By Vincent Quinn
With the Clippers' $2 billion price tag, living in the headlines, I can't help but think of the Sixers and owner Josh Harris. After buying the New Jersey Devils and declaring the Sixers' 19-63 season a "huge success" he's become a very unpopular figure in town.
But he shouldn't be.
Harris is the best owner that the Sixers could ask for. And that should scare the hell out of you.
Why, exactly? It all starts with Harris' background.
As a student Harris graduated from the Wharton business school with a degree in economics followed by an MBA at Harvard. in 1990 he co-founded Apollo Management L.P.—a private equity firm—with two partners and is now worth $3 billion dollars according for Forbes. In other words, Harris is an absolute stud at transforming failing businesses into cash. Conveniently, the Sixers have the look and feel of a Cinderella.
The Sixers had gone through an era of abuse and neglect under Ed Snider. While the Flyers flirted with championships the Sixers were like a Tyler Perry movie starring Tony DiLeo as every single role. The team was an outcast in their own home, which resulted in a once-vibrant basketball city being lulled to sleep. Harris and his partners then bought the team for $280 million in 2011 and the rebuilding process began.
Now what's important is that while he may not have basketball sense, Harris' business sense suggests that success in the market place is tied to success on the court. As a result, he's taking the steps to build a perennially contending team.
For starters, Harris hired good decision makers to oversee the basketball operations.
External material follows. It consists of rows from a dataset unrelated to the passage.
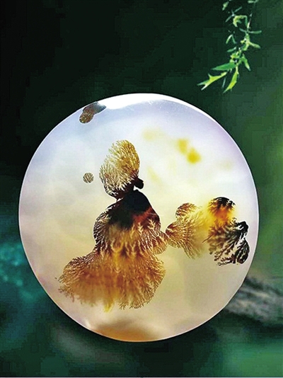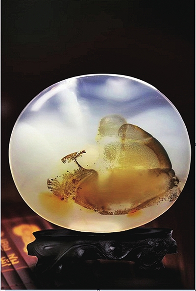 海洋玉髓因溫潤(rùn)、通透的質(zhì)地常用于打造珠寶首飾,也因豐富的色彩、花紋、圖案被廣泛用于奇石收藏。(薛潔 收藏)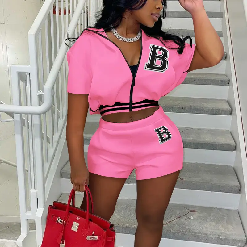 Casual 2 Two Piece Sets Outfits Women Zipper Short Sleeve Crop Top Skinny Biker Shorts Suits Pink Green Matching Sets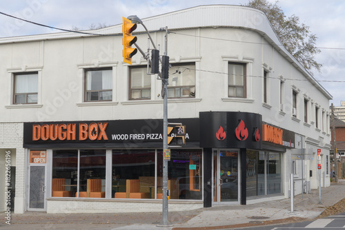© eugen, Fototapeta premium exterior building facade and sign of DoughBox Wood Fired Pizza & Pasta, a pizza restaurant, located at 1466 Eglinton Ave W, Toronto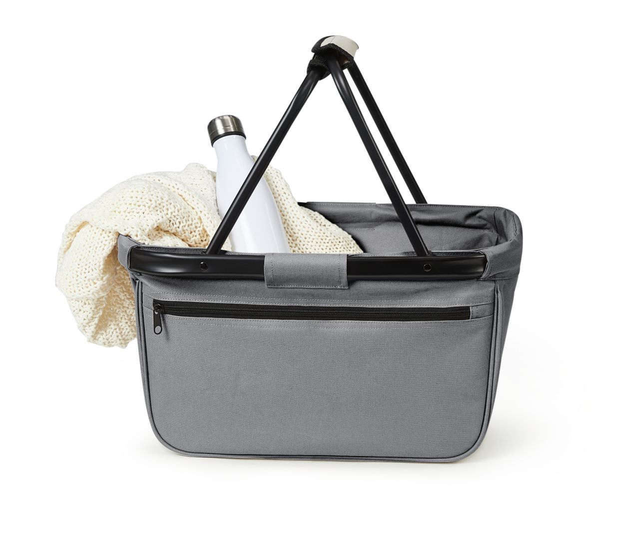 formschöner Einkaufskorb mit Alurahmen und Reißverschluss-Vortasche; faltbar

After cleaning house in 2013, Sam Hinkie and Brett Brown have completely changed the team culture. A team once seemingly directionless, the Sixers are looking for the long-haul and losing their way to success. The front office has stockpiled draft picks and young talent, assembled a staff of player development coaches, and embraced the new wave of advanced statistics in hopes of building a powerhouse. In addition, they've been honest about their intentions and expectations the whole time. They're a refreshing and exciting group and Harris has stayed out of the way.
He's also providing these decision makers with the tools to become the best team possible.
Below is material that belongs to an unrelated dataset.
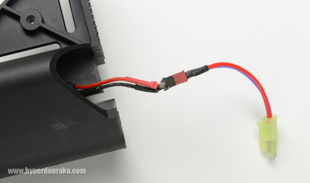 T字コネクターの根元が断線しそうだった。コードはストックの中で降り曲がって収納されるのでこの部分も強化して欲しいところ。T字ミニコネクタの変換ケーブルはホビーショップいずもから別送されてきたものだがパッケージに付属するとのこと。なお、Ver.1でストックのバットプレート取り外しが固かったのは改善されていた。

One move was adding the Delaware 87ers—the Sixers NBA Development League affiliate. It's important to note that not all NBA teams have this luxury either. In fact, out of 30 NBA teams only 14 had their own D-League affiliate this year. Therefore, while the Sixers are poking and prodding prospects at PCOM prior to the draft, they will have extra scouting information on players of interest. It's a nice boost for the organization. Soon they'll conducting the workouts from their own practice facility too—providing another boost.
So why should Sixers fans be frightened?
Because in a few years both the team and the franchise will be at a peak point in value. If all goes well the practice facility will have been built, the young core will be starting its prime years of contention, and the fans will have returned to cheer them on. Since Harris can't build a new stadium for the Sixers, he'll have done all he can to revive the team and sell with Sterling's $2 billion in mind.
As a fan, it's concerning to think of the Sixers with different ownership after Harris has rejuvenated the franchise. Unfortunately, it's all part of the business.